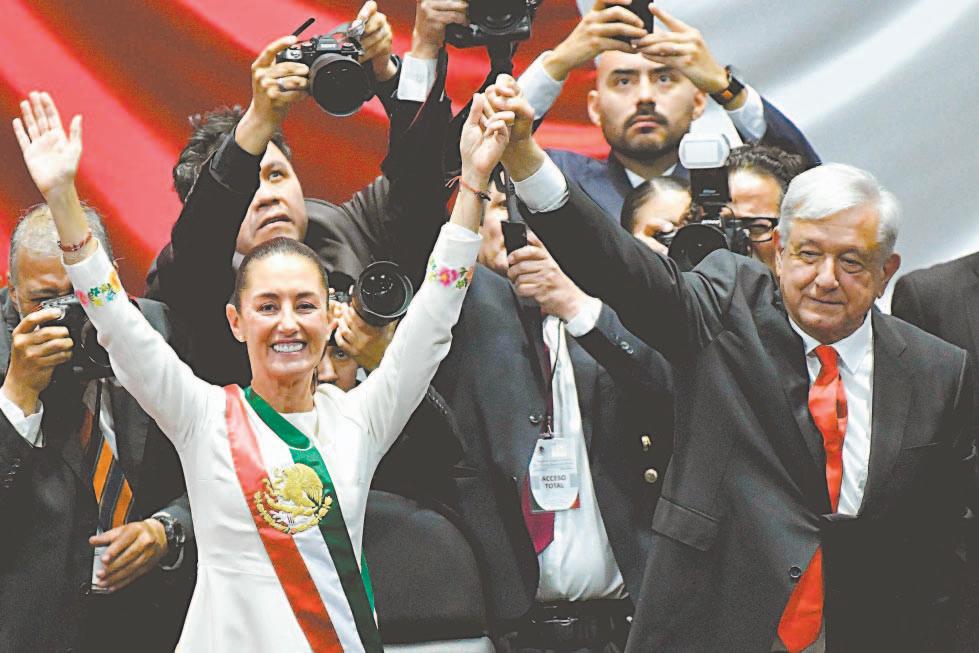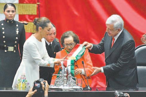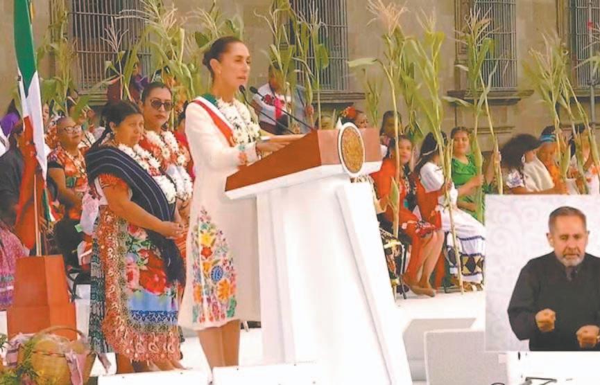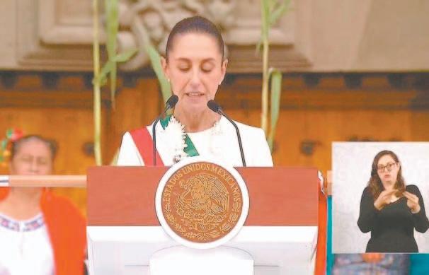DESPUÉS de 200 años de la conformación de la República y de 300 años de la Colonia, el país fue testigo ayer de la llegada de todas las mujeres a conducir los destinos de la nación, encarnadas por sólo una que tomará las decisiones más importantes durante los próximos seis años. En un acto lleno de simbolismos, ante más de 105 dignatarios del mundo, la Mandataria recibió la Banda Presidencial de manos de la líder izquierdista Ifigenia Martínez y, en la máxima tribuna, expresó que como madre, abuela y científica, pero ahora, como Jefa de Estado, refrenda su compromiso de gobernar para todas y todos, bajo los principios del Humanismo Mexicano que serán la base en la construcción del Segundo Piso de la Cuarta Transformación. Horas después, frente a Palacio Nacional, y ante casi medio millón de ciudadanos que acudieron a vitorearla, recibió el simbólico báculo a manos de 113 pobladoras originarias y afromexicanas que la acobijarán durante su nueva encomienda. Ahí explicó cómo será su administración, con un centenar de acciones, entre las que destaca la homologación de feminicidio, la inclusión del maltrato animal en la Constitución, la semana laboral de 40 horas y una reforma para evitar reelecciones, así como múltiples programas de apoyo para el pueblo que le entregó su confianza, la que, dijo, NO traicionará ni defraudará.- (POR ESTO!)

********

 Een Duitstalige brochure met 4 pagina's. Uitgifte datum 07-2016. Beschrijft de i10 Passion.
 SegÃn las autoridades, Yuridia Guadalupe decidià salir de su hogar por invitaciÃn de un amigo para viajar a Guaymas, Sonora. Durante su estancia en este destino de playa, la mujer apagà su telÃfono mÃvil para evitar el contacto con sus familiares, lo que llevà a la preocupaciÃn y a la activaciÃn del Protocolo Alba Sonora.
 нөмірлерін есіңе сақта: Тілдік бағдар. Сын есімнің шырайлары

********

# TASK TO COMPLETE:
Restate word for word the entries above, starting at the line with "SegÃn las autoridades, Yuridia" and ending at the line with "нөмірлерін есіңе сақта: Тілдік", inclusive, and no others.

# TASK SOLUTION:
 SegÃn las autoridades, Yuridia Guadalupe decidià salir de su hogar por invitaciÃn de un amigo para viajar a Guaymas, Sonora. Durante su estancia en este destino de playa, la mujer apagà su telÃfono mÃvil para evitar el contacto con sus familiares, lo que llevà a la preocupaciÃn y a la activaciÃn del Protocolo Alba Sonora.
 нөмірлерін есіңе сақта: Тілдік бағдар. Сын есімнің шырайлары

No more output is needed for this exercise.